## Work task
A word-for-word copy of the entries, with images excluded, is the expected answer.

## Items from a dataset

Content starts

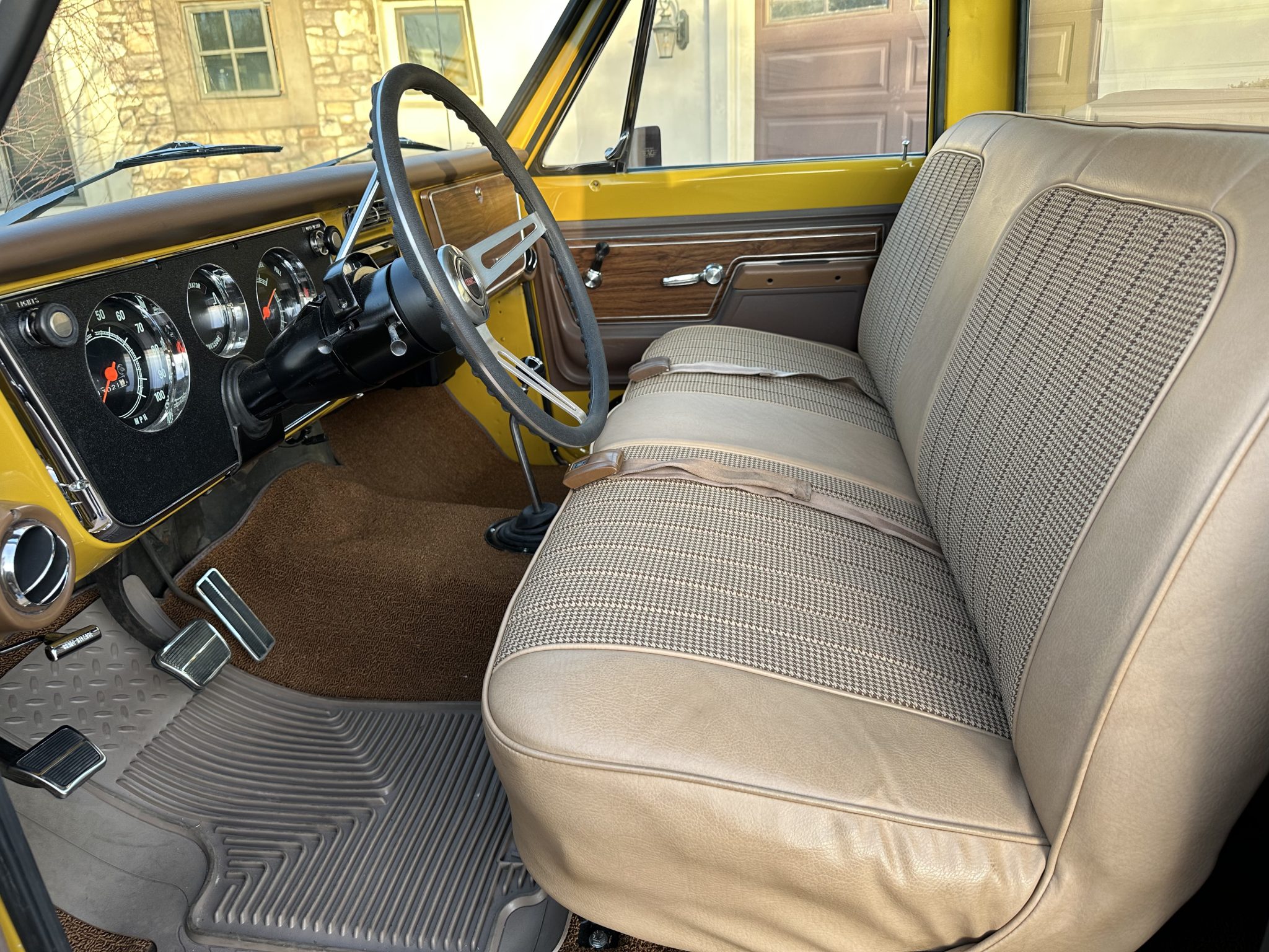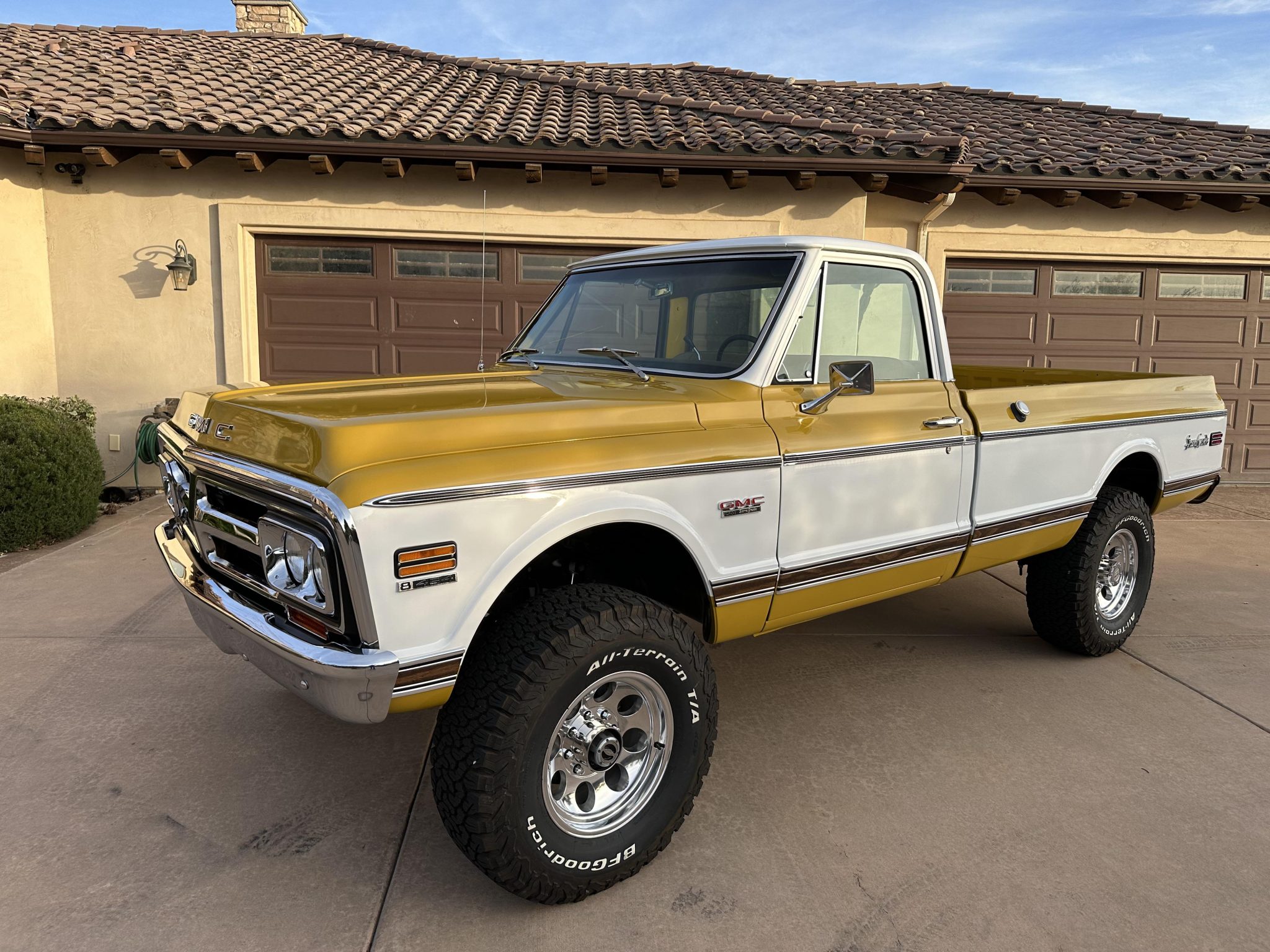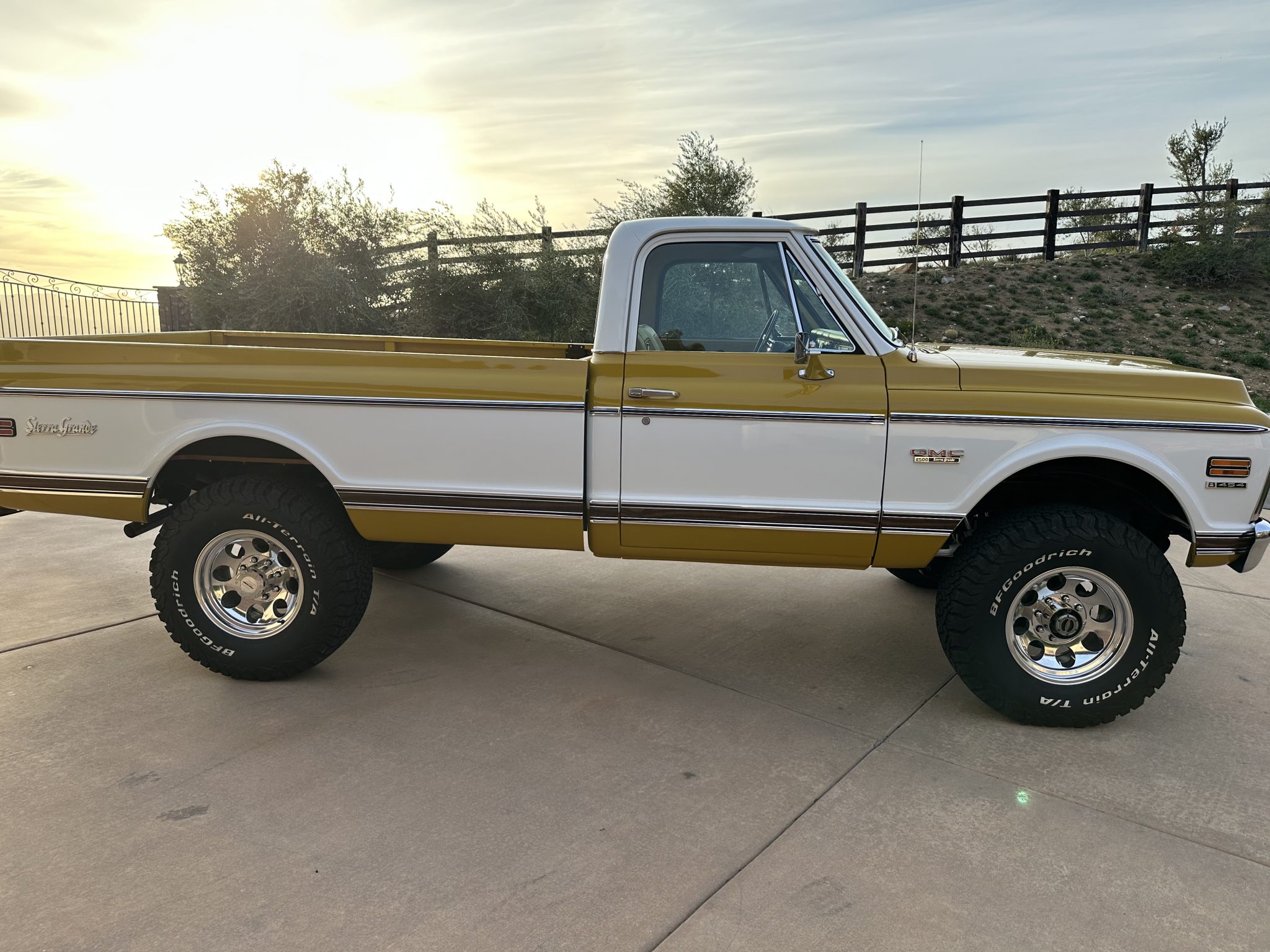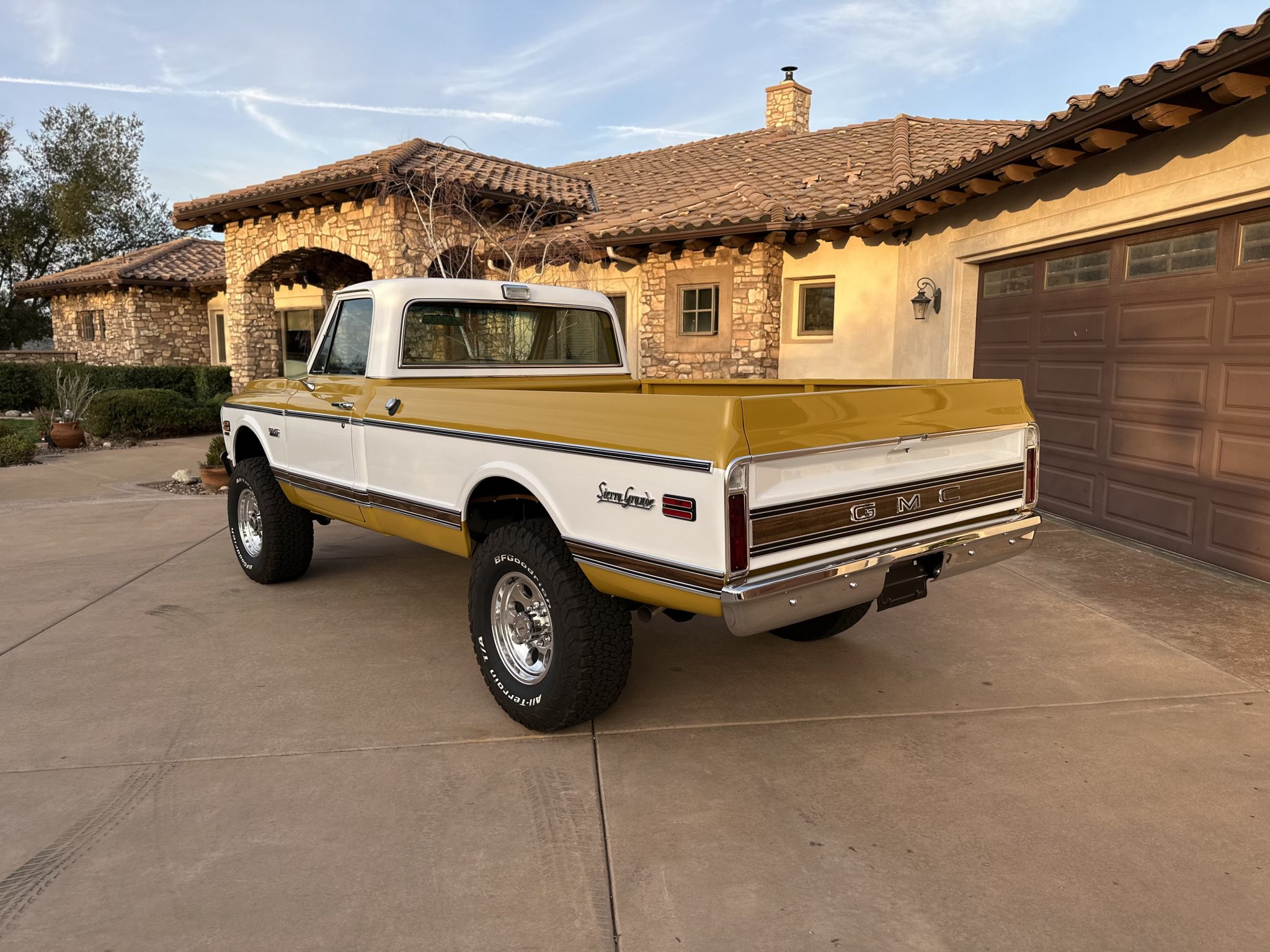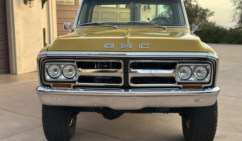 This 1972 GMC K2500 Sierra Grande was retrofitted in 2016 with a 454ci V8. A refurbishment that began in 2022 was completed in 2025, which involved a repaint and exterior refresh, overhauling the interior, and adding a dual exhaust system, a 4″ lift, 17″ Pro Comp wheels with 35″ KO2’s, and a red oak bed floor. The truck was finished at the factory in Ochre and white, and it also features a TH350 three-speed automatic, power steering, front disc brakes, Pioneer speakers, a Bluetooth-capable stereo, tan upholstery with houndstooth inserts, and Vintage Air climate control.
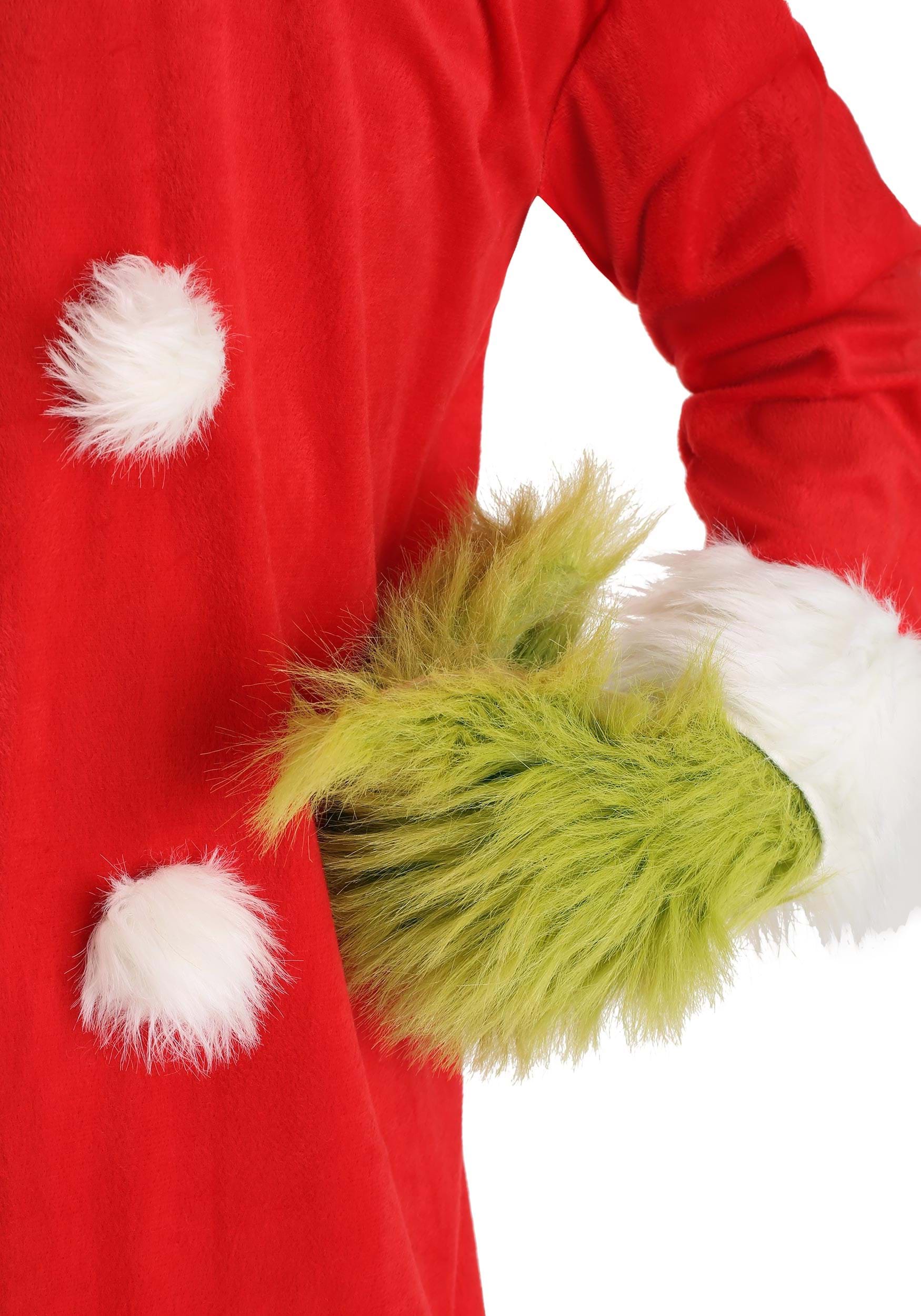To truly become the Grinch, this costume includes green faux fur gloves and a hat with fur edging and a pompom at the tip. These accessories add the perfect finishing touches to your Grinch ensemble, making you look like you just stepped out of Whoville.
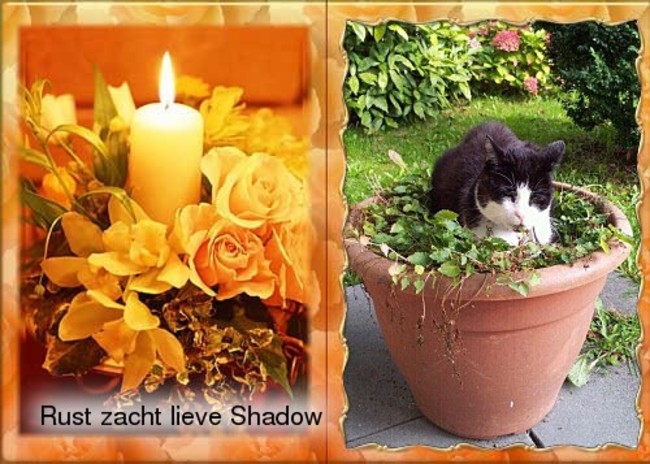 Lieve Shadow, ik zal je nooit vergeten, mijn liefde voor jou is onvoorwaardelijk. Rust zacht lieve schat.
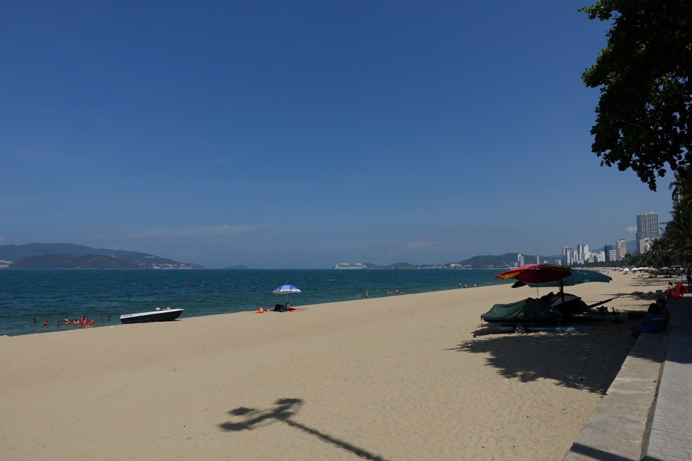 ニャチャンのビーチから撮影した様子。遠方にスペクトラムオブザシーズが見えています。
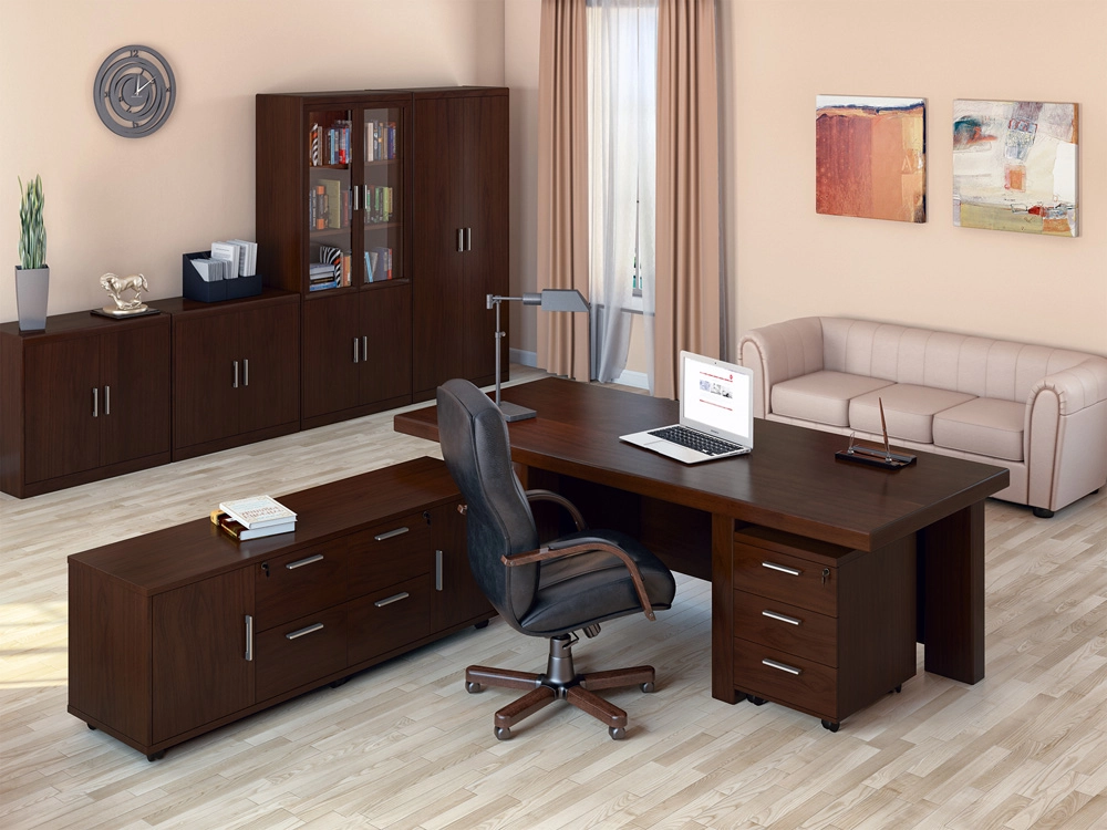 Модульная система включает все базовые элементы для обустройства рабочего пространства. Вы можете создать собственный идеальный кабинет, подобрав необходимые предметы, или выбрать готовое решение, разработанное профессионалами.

Content ends

## Written answer
 This 1972 GMC K2500 Sierra Grande was retrofitted in 2016 with a 454ci V8. A refurbishment that began in 2022 was completed in 2025, which involved a repaint and exterior refresh, overhauling the interior, and adding a dual exhaust system, a 4″ lift, 17″ Pro Comp wheels with 35″ KO2’s, and a red oak bed floor. The truck was finished at the factory in Ochre and white, and it also features a TH350 three-speed automatic, power steering, front disc brakes, Pioneer speakers, a Bluetooth-capable stereo, tan upholstery with houndstooth inserts, and Vintage Air climate control.
To truly become the Grinch, this costume includes green faux fur gloves and a hat with fur edging and a pompom at the tip. These accessories add the perfect finishing touches to your Grinch ensemble, making you look like you just stepped out of Whoville.
 Lieve Shadow, ik zal je nooit vergeten, mijn liefde voor jou is onvoorwaardelijk. Rust zacht lieve schat.
 ニャチャンのビーチから撮影した様子。遠方にスペクトラムオブザシーズが見えています。
 Модульная система включает все базовые элементы для обустройства рабочего пространства. Вы можете создать собственный идеальный кабинет, подобрав необходимые предметы, или выбрать готовое решение, разработанное профессионалами.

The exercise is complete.